GitHub Discovery
The GitHub integration has a special discovery processor for discovering catalog entities within a GitHub organization. The processor will crawl the GitHub organization and register entities matching the configured path. This can be useful as an alternative to static locations or manually adding things to the catalog.
Installation
You will have to add the processors in the catalog initialization code of your
backend. They are not installed by default, therefore you have to add a
dependency on @backstage/plugin-catalog-backend-module-github
to your backend
package, plus @backstage/integration
for the basic credentials management:
# From your Backstage root directory
yarn add --cwd packages/backend @backstage/integration
yarn add --cwd packages/backend @backstage/plugin-catalog-backend-module-github
And then add the processors to your catalog builder:
// In packages/backend/src/plugins/catalog.ts
+import {
+ GithubDiscoveryProcessor,
+ GithubOrgReaderProcessor,
+} from '@backstage/plugin-catalog-backend-module-github';
+import {
+ ScmIntegrations,
+ DefaultGithubCredentialsProvider
+} from '@backstage/integration';
export default async function createPlugin(
env: PluginEnvironment,
): Promise<Router> {
const builder = await CatalogBuilder.create(env);
+ const integrations = ScmIntegrations.fromConfig(env.config);
+ const githubCredentialsProvider =
+ DefaultGithubCredentialsProvider.fromIntegrations(integrations);
+ builder.addProcessor(
+ GithubDiscoveryProcessor.fromConfig(env.config, {
+ logger: env.logger,
+ githubCredentialsProvider,
+ }),
+ GithubOrgReaderProcessor.fromConfig(env.config, {
+ logger: env.logger,
+ githubCredentialsProvider,
+ }),
+ );
Configuration
To use the discovery processor, you'll need a GitHub integration set up with either a Personal Access Token or GitHub Apps.
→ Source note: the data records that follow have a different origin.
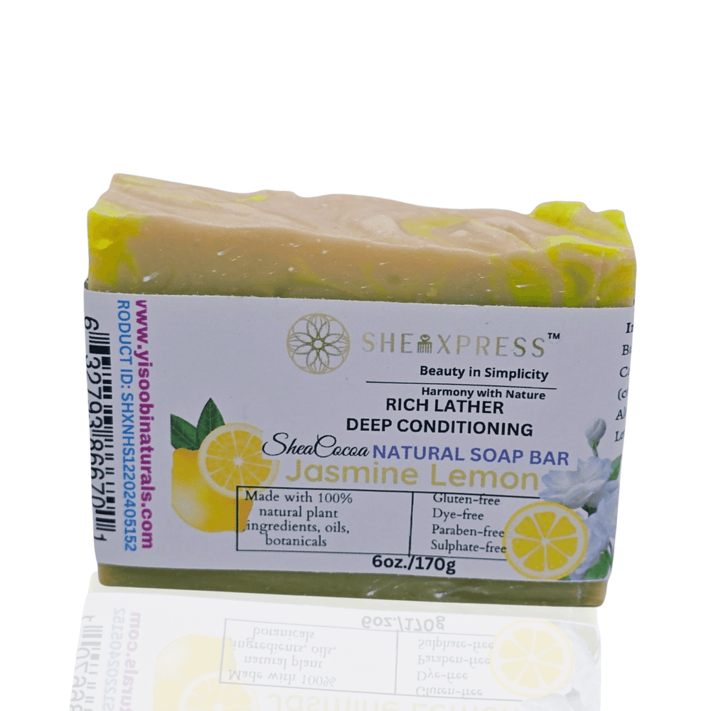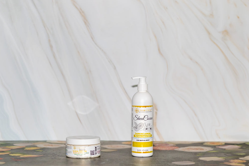 Brighten your day and pamper your skin with the SheaXpress Shea-Cocoa Jasmine Lemon Trio; a 3-piece body care set crafted with unrefined shea butter, rich cocoa, soothing aloe, and nourishing botanical oils. Infused with the delicate floral notes of jasmine and the uplifting zest of lemon; this set delivers balanced hydration and a refreshing self-care ritual.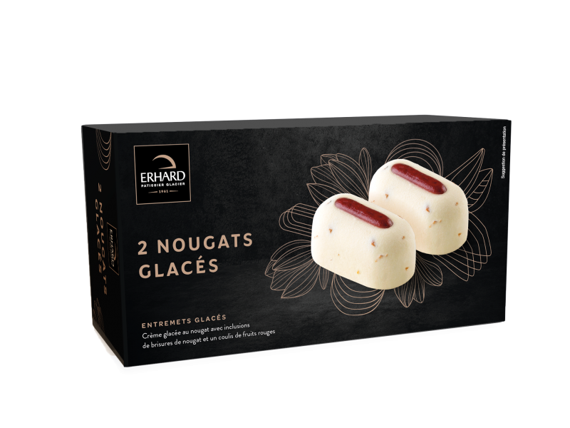2 Entremets glacés composés d'une crème glacée à la pâte de nougat 88,4% avec inclusions de brisures de nougat 6,6% et d'une préparation aux fruits…
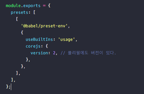 IE에서 Promise를 인식하지 못한다는 것을 알았다. 이렇게 Babel에서 변환하지 못하는 것들을 작동시키기 위해 '폴리필'이라 부르는 코드 조각들을 추가하여 변환작업을 해결한다. 이전에 작성한 babel.config.js 파일에서 폴리필 옵션을 추가해보자. 일단 env 프리셋만 적용한 상태라고 가정하자.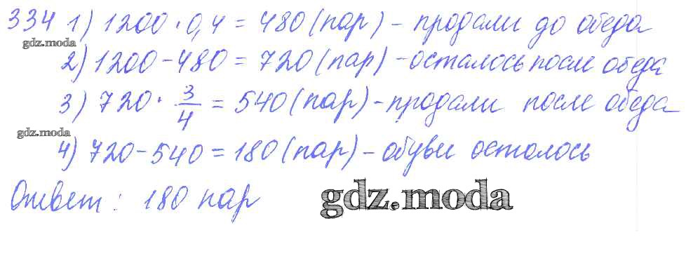 ГДЗ решение к заданию № 334 Математика 6 класс дидактические материалы Чесноков А.С. Академкнига 2014 ФГОС бесплатно на гдз.мода!
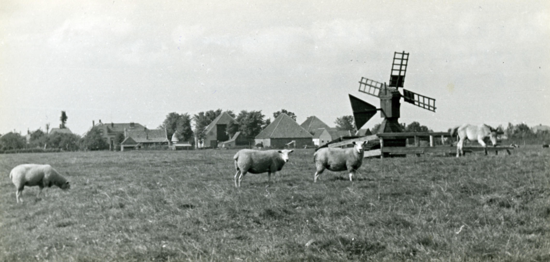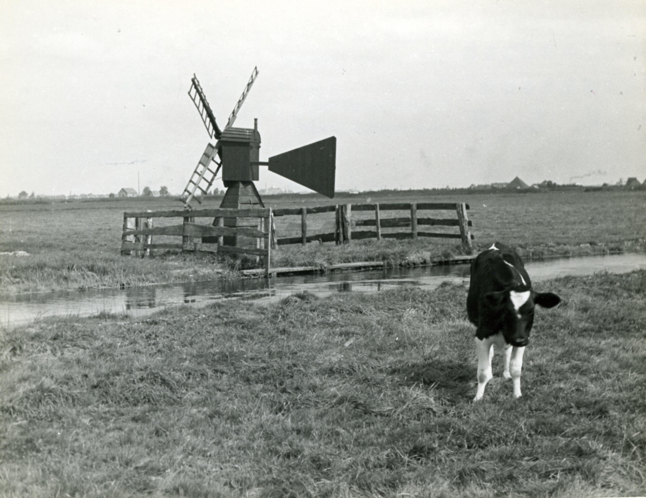 Weidemolentje bij Assendelft, 1947 (zwart-wit foto)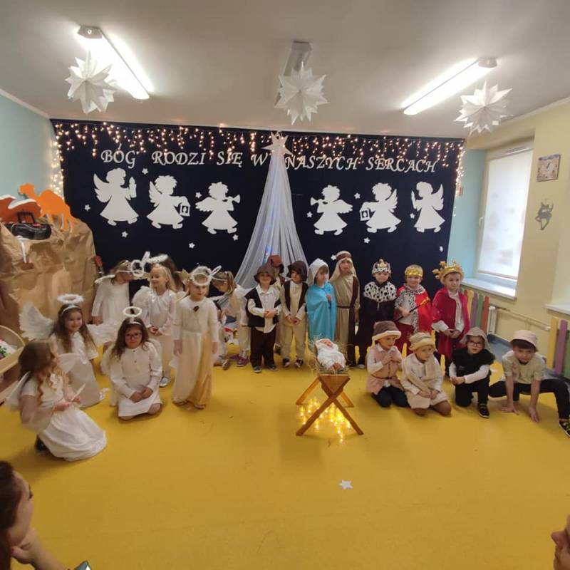 Wigilia Bożego Narodzenia to jeden z najpiękniejszych dni w roku. Tradycyjnie w naszym przedszkolu dzieci przygotowały przedstawienie jasełkowe. W tym roku to dzieci z gr. 4 wprowadziły całą społeczność przedszkolną w świąteczny i magiczny czas. Piękne stroje, scenografia oraz występ podczas którego dzieci z wielkim zaangażowaniem i radością śpiewały kolędy i pastorałki wprowadziły ciepłą, świąteczną atmosferę. Po występie dzieliliśmy się opłatkiem i składaliśmy sobie życzenia. Takie podniosłe chwile nie tylko utrwalają dzieciom znajomość tradycji i świątecznych zwyczajów lecz również wzmacniają serdeczne relacje między sobą.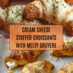 Deliciously flaky croissants stuffed with a creamy herb-infused cream cheese filling, topped with melty Gruyere cheese and baked to golden perfection. Perfect for a savory breakfast treat or elegant snack.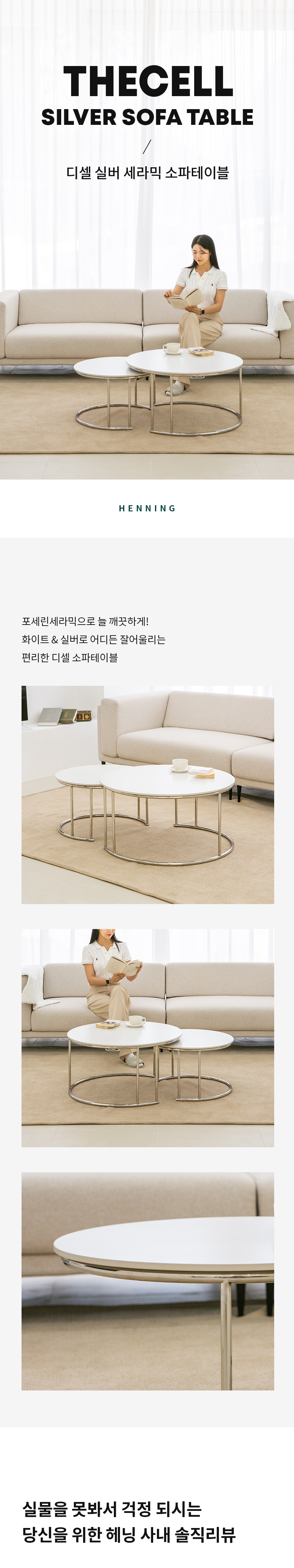 디셀 실버 세라믹 원형 소파테이블 2세트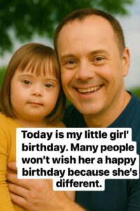 The stares, the whispers, the awkward smiles, and the comments disguised as concern—every one of them cut deeper than anyone knew. He saw how children were pulled away from her at playgrounds, how parents hesitated, how invitations never came, how her little world stayed small not because she deserved it, but because others couldn’t look past what made her unique. And yet, she remained a gentle sunbeam—quiet, sweet, innocent, carrying a softness the world desperately needed but rarely appreciated. Today was her birthday, a day any child should feel celebrated, loved, and special. But he already knew how it would go. He had seen it last year, and the year before that. People would scroll past the post. Some would look without liking. Others would hesitate out of discomfort, uncertainty, or silent prejudice. He hated that he even had to think about such things on her birthday, but he was a father—her father—and he felt every wound the world gave her as if it were his own. This morning, she woke up with the brightest smile, her hair messy, her little hands reaching out for him. “Daddy, is today my happy day?” she asked softly. His heart broke and healed all at once. “Yes, sweetheart,” he whispered, hugging her tightly, “today is your happy day.” He spent the morning making her favorite breakfast, decorating the house with balloons, placing a little crown on her head as she giggled in her quiet, precious way. He tried to give her everything she deserved—but deep down, he wished the world would do the same. He wished she could receive the same love every other child receives without effort. He wished people would see what he sees every single day: a miracle, a warrior, a blessing. So he posted her picture, not for attention, but because he wanted her to feel seen. He wanted, just once, for kindness to win. He wanted strangers to show her the compassion she rarely receives. Not because she is different, but because she is human—because she loves, and smiles, and tries, and exists with a purity the world desperately needs. Today is her birthday. And he hopes—quietly, painfully—that somewhere out there, someone will take a moment, even a small one, to make his little girl feel celebrated. Because to him, she is everything. She is the reason he wakes up, the reason he fights, the reason he believes that life, even in its hardships, is still beautiful. And all he wants is for the world to give her the tiny bit of love she gives so freely every day. Just one wish. One moment of kindness. One happy birthday for a little girl who deserves the world.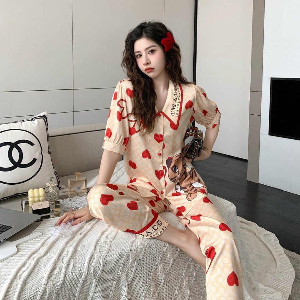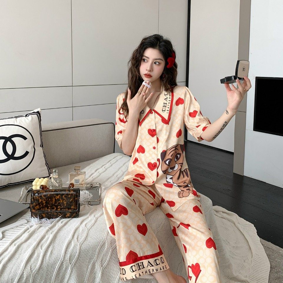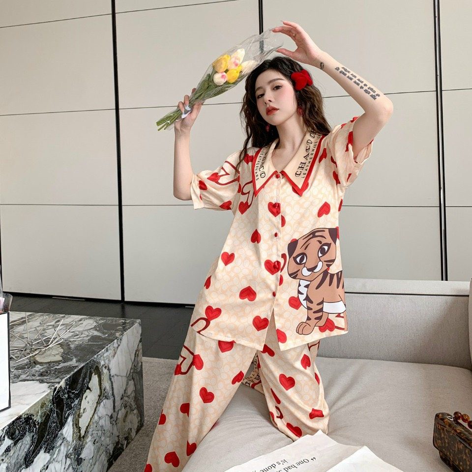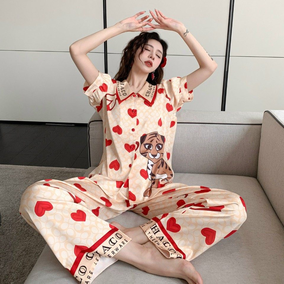 Chất liệu vải cao cấp mềm mịn hoạ tiết in sắc sảo kiểu dáng quần dài tay ngắn cho nàng sự thoải mái tự tin khi mặc.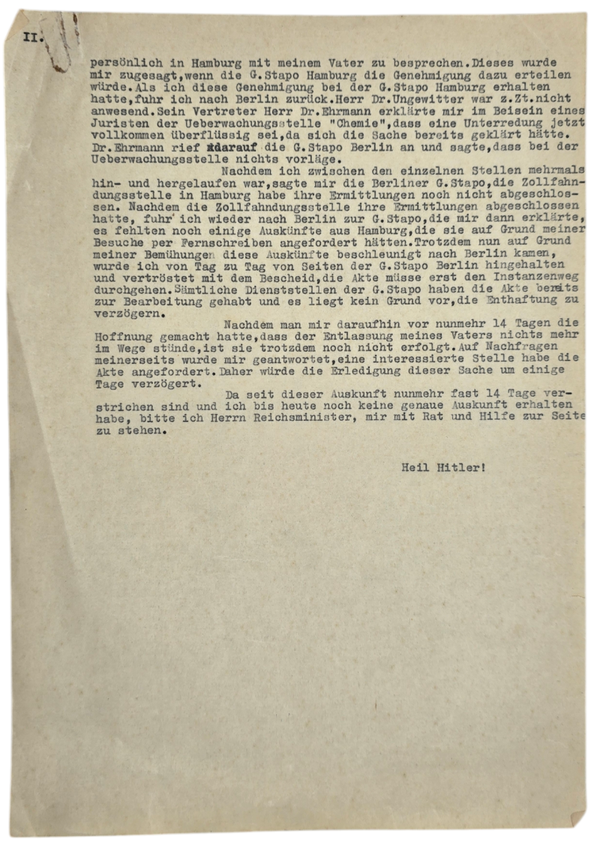 Original WW2 German Document - A large document set about the imprisonment of the Gratenau Chemie company owner, Hamburg (1939)
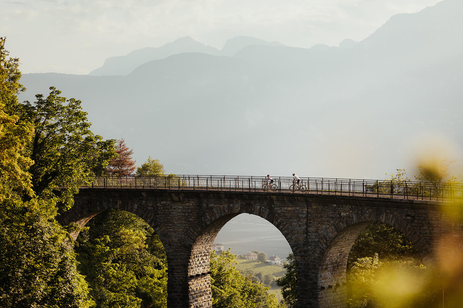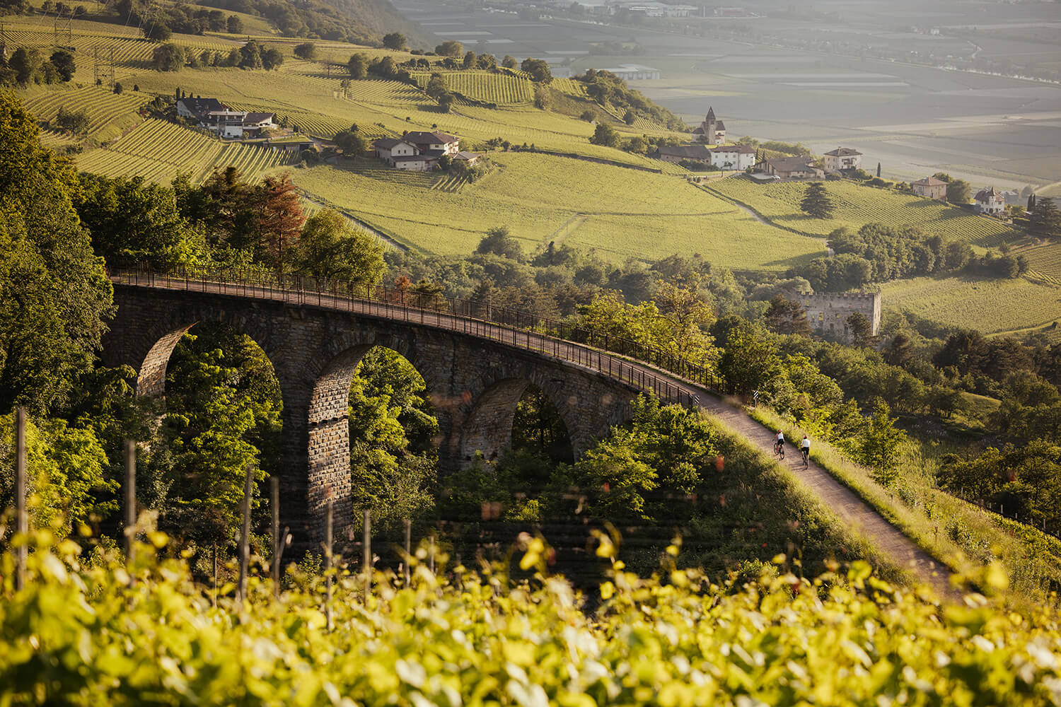 Südtirols Süden lässt sich auf dem Rad in mehreren Geschwindigkeiten entdecken: auf einer ehemaligen Kriegsbahntrasse durch Tunnel und über Viadukte, auf einer zweitausend Jahre alten Römerstraße bis an den Gardasee oder ganz gemächlich durch Weinberge, von Dorf zu Dorf.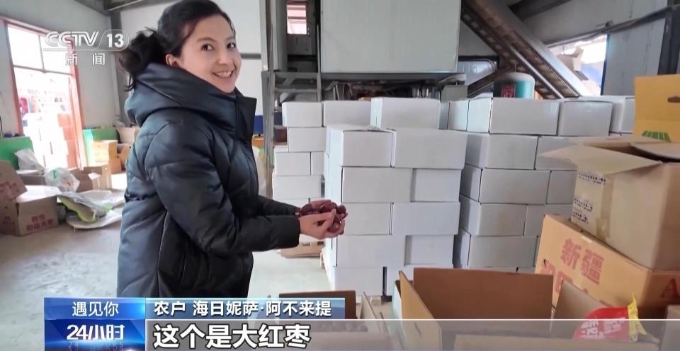农户海日妮萨·阿不来提:一月份到十二月份,每个月都有葡萄干,这个工厂里面,大红枣也有。你看这个是无核白葡萄干,这个是大红枣。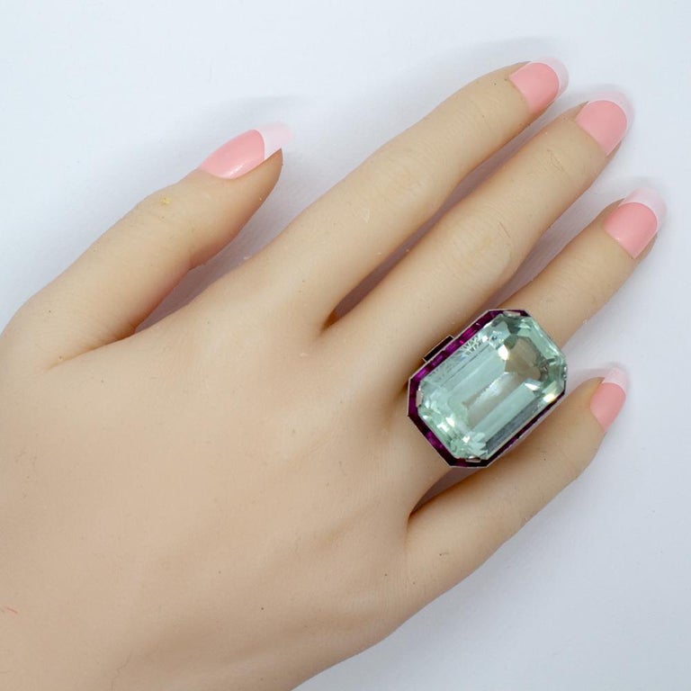 Estate Vintage Platinum Aquamarine, Ruby and Diamond Ring ...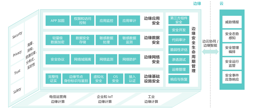 邊緣安全是邊緣計(jì)算的重要保障。邊緣安全涉及跨越云計(jì)算和邊緣計(jì)算縱深的安全防護(hù)體系,只有增強(qiáng)邊緣基礎(chǔ)設(shè)施、網(wǎng)絡(luò)、應(yīng)用、數(shù)據(jù)識(shí)別和抵抗各種安全威脅的能力,才能為邊緣計(jì)算產(chǎn)業(yè)的發(fā)展構(gòu)建安全可信環(huán)境。邊緣安全的核心價(jià)值體現(xiàn)在可以提供可信的基礎(chǔ)設(shè)施:主要包括計(jì)算、網(wǎng)絡(luò)、存儲(chǔ)類的物理資源和虛擬資源。基礎(chǔ)設(shè)施是包含路徑、數(shù)據(jù)交互和處理模型的平臺(tái)面,可以應(yīng)對(duì)鏡像篡改、DDoS 攻擊、非授權(quán)通信訪問(wèn)、端口入侵等安全威脅。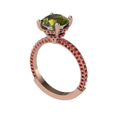 Peridot ve garnet 925 ayar rose altın kaplama gümüş yüzük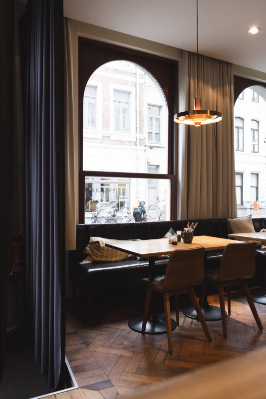 De zaak is ideaal gelegen aan het bruisende Moorkensplein. Het interieur met Parijse vintage-toets wordt gekenmerkt door kwalitatieve elementen zoals de mooie oude (gerecupereerde) eiken parketvloer in visgraat, de witte Parijse metrotegel achter de bar en in het sanitair, de koperen vintage lampen en de lederen stoelen en banken.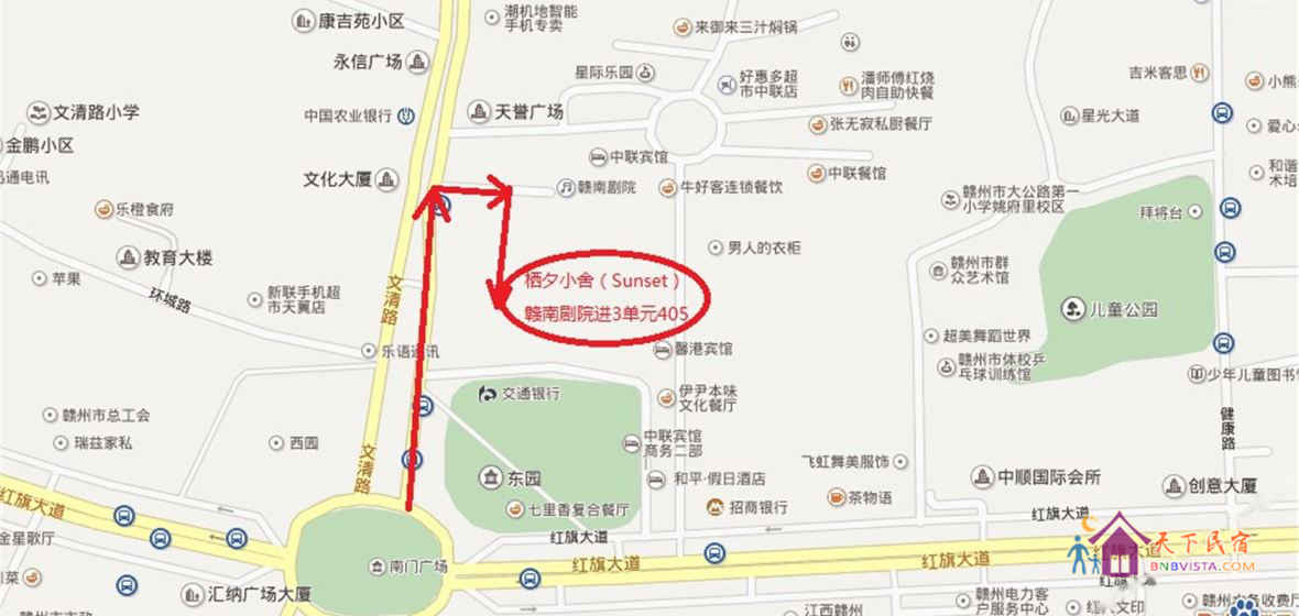 赣州栖夕小舍国际青年旅舍地处章贡区文清路,旅舍楼下就是南门口步行街、美食街。

Then you can add a location target to the catalog configuration:
catalog:
locations:
# (since 0.13.5) Scan all repositories for a catalog-info.yaml in the root of the default branch
- type: github-discovery
target: https://github.com/myorg
# Or use a custom pattern for a subset of all repositories with default repository
- type: github-discovery
target: https://github.com/myorg/service-*/blob/-/catalog-info.yaml
# Or use a custom file format and location
- type: github-discovery
target: https://github.com/*/blob/-/docs/your-own-format.yaml
# Or use a specific branch-name
- type: github-discovery
target: https://github.com/*/blob/backstage-docs/catalog-info.yaml
Note the github-discovery
type, as this is not a regular url
processor.
When using a custom pattern, the target is composed of three parts:
- The base organization URL,
https://github.com/myorg
in this case - The repository blob to scan, which accepts * wildcard tokens. This can simply
be
*
to scan all repositories in the organization. This example only looks for repositories prefixed withservice-
. - The path within each repository to find the catalog YAML file. This will
usually be
/blob/main/catalog-info.yaml
,/blob/master/catalog-info.yaml
or a similar variation for catalog files stored in the root directory of each repository. You could also use a dash (-
) for referring to the default branch.
GitHub API Rate Limits
GitHub rate limits API requests to 5,000 per hour (or more for Enterprise accounts). The default Backstage catalog backend refreshes data every 100 seconds, which issues an API request for each discovered location.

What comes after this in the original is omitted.